Cheikh Mohamed Al-Thani, ministre des Affaires étrangères qatari, à Ryad le 17 mai 2017 © AFP/Archives FAYEZ NURELDINE
Le Qatar s’est posé jeudi en victime d’une campagne hostile, notamment aux Etats-Unis, après la tempête soulevée par des déclarations attribuées à son émir selon lesquelles il aurait rompu le consensus régional sur l’Iran, les islamistes et l’alliance avec Washington.
Ce riche émirat gazier du Golfe, souvent accusé de jouer en solo et d’avoir des ambitions diplomatiques démesurées, a nié que l’émir, cheikh Tamim ben Hamad Al-Thani, ait tenu de tels propos.
C’est après le piratage de l’agence officielle QNA dans la nuit de mardi à mercredi que les déclarations attribuées à l’émir ont été diffusées, a assuré jeudi le chef de la diplomatie du Qatar.
Il a inscrit ce piratage dans le cadre d’une « campagne médiatique hostile à l’Etat du Qatar ». Le ministre, cheikh Mohamed ben Abderrahmane Al-Thani, a déclaré que cette campagne était menée « notamment aux Etats-Unis ».
« Il est surprenant que pendant les cinq dernières semaines, il y a eu aux Etats-Unis 13 articles d’opinion sur le Qatar » et que « le jour du piratage de l’agence QNA, une conférence sur le Qatar s’est tenue en notre absence mais en présence des auteurs de ces articles ».
« Le piratage a eu lieu le soir même. Est-ce une coïncidence ? », s’est interrogé le chef de la diplomatie qatarie, refusant de préjuger des résultats de l’enquête sur ce piratage.
Parmi les sujets prétendument évoqués par l’émir figurent le mouvement islamiste palestinien Hamas, présenté comme « le représentant légitime du peuple palestinien », et l’Iran chiite vu comme un allié stratégique dans la région, alors que ce pays vient d’être accusé par l’Arabie saoudite d’être « le fer de lance du terrorisme » dans la région.

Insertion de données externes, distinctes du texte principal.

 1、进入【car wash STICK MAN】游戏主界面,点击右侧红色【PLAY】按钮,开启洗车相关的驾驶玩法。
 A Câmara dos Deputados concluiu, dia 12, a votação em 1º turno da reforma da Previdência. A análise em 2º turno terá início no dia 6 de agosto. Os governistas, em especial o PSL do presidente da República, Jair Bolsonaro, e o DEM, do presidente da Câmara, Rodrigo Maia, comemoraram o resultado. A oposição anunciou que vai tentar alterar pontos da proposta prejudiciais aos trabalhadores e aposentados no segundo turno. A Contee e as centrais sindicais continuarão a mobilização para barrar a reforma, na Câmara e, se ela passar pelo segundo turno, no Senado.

Sont aussi évoquées la classification du mouvement chiite libanais Hezbollah et des Frères musulmans en Egypte comme groupes « terroristes », ainsi que les relations avec l’administration Trump.

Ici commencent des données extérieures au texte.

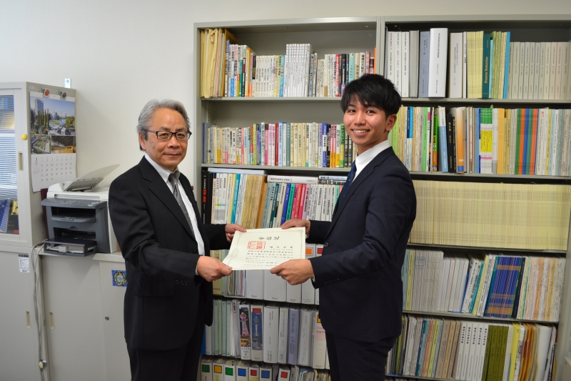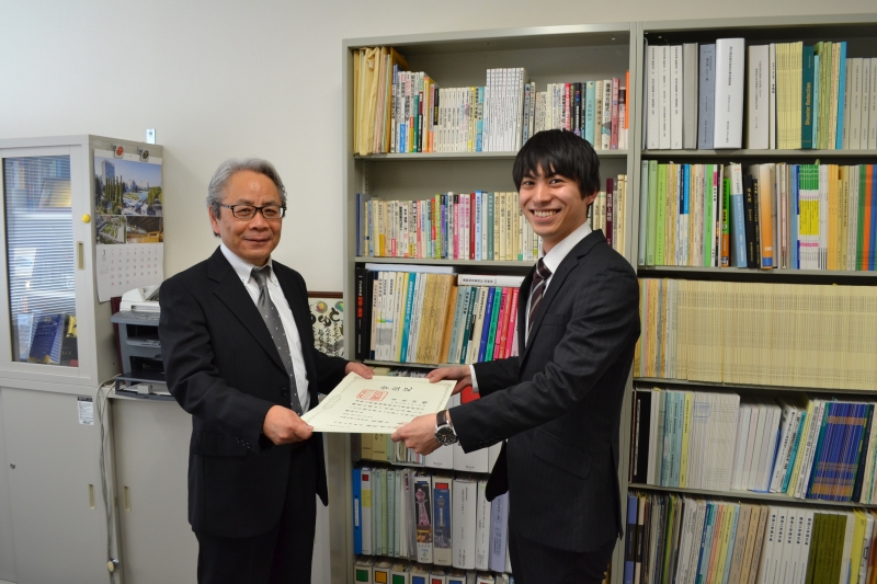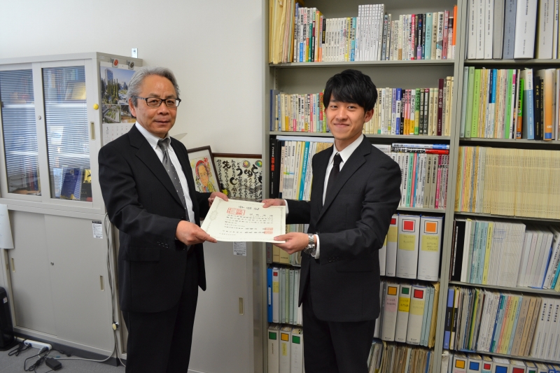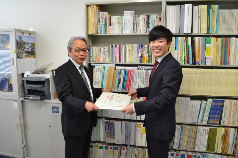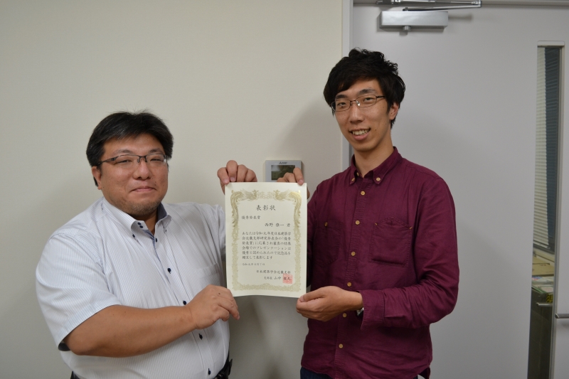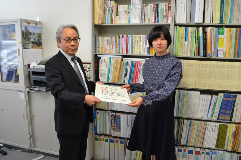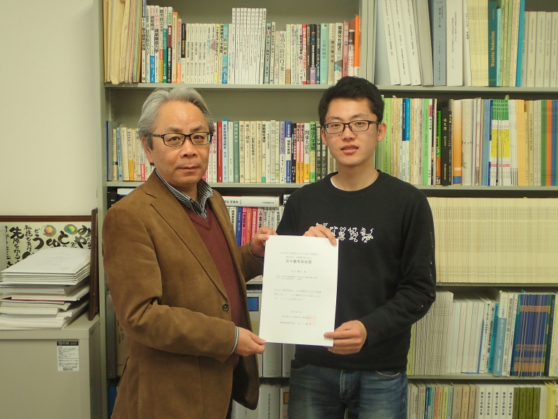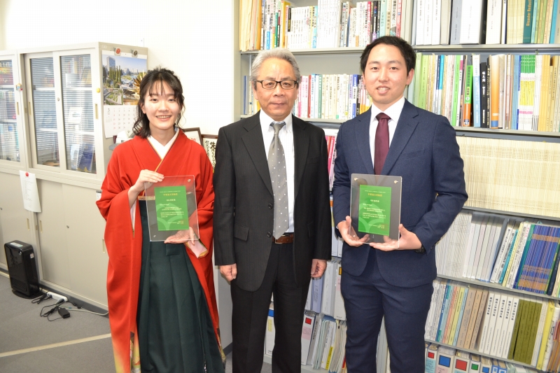 住友さんと寺垣くんには卒業論文奨励賞の盾が贈呈されました。

Ces propos ont été relayés par de grands médias arabes, notamment aux Emirats arabes unis et en Arabie saoudite, bien qu’ils aient été qualifiés de « faux » par Doha.
Ils étaient largement commentés encore jeudi, le quotidien Al-Bayane des Emirats écrivant que « le Qatar divise les Arabes par ses positions sur l’Iran, Israël et le Hezbollah ».
– Médias du Qatar bloqués –
Depuis mercredi, des sites web et des retransmissions télévisées qataris sont bloqués dans divers pays du Golfe.
Le Qatar a toujours « maintenu des relations amicales et fraternelles » avec ses voisins, a dit jeudi le chef de la diplomatie, ajoutant qu’il n’y a « aucune preuve que le Qatar ait des relations avec les Frères musulmans ».
Le Qatar est un proche allié des Etats-Unis qui ont déployé près de 10.000 militaires dans cet émirat, sur la base aérienne d’Al-Udeid.
Il est parfois accusé de ne pas en faire assez pour lutter contre les réseaux extrémistes radicaux. Doha rejette ces accusations.
Le chef de la diplomatie a affirmé que la question des liens du Qatar avec des islamistes n’avait pas été évoquée lors de l’entretien samedi de l’émir avec le président américain Donald Trump à Ryad.
« Les relations entre le Qatar et les Etats-Unis ont toujours été très solides, c’est une relation stratégique ».
Les détracteurs du Qatar rappellent pourtant qu’il a soutenu avec force l’ancien président égyptien Mohamed Morsi, issu des Frères musulmans, et qualifié de « coup d’Etat » son éviction par Abdel Fattah al-Sissi en 2013.
Il ajoutent qu’il accueille des dirigeants de premier plan de cette confrérie comme Youssef al-Qaradaoui, considéré comme l’un de ses chefs spirituels. L’ancien dirigeant du Hamas palestinien, Khaled Mechaal, est également basé au Qatar.
La chaîne de télévision Al-Jazira, qui a été la caisse de résonance des mouvements du Printemps arabe, a souvent provoqué l’irritation, voire l’exaspération, des partenaires du Qatar au sein du Conseil de coopération du Golfe (CCG) qui comprend aussi l’Arabie saoudite, Bahreïn, les Emirats arabes unis, Oman et le Koweït.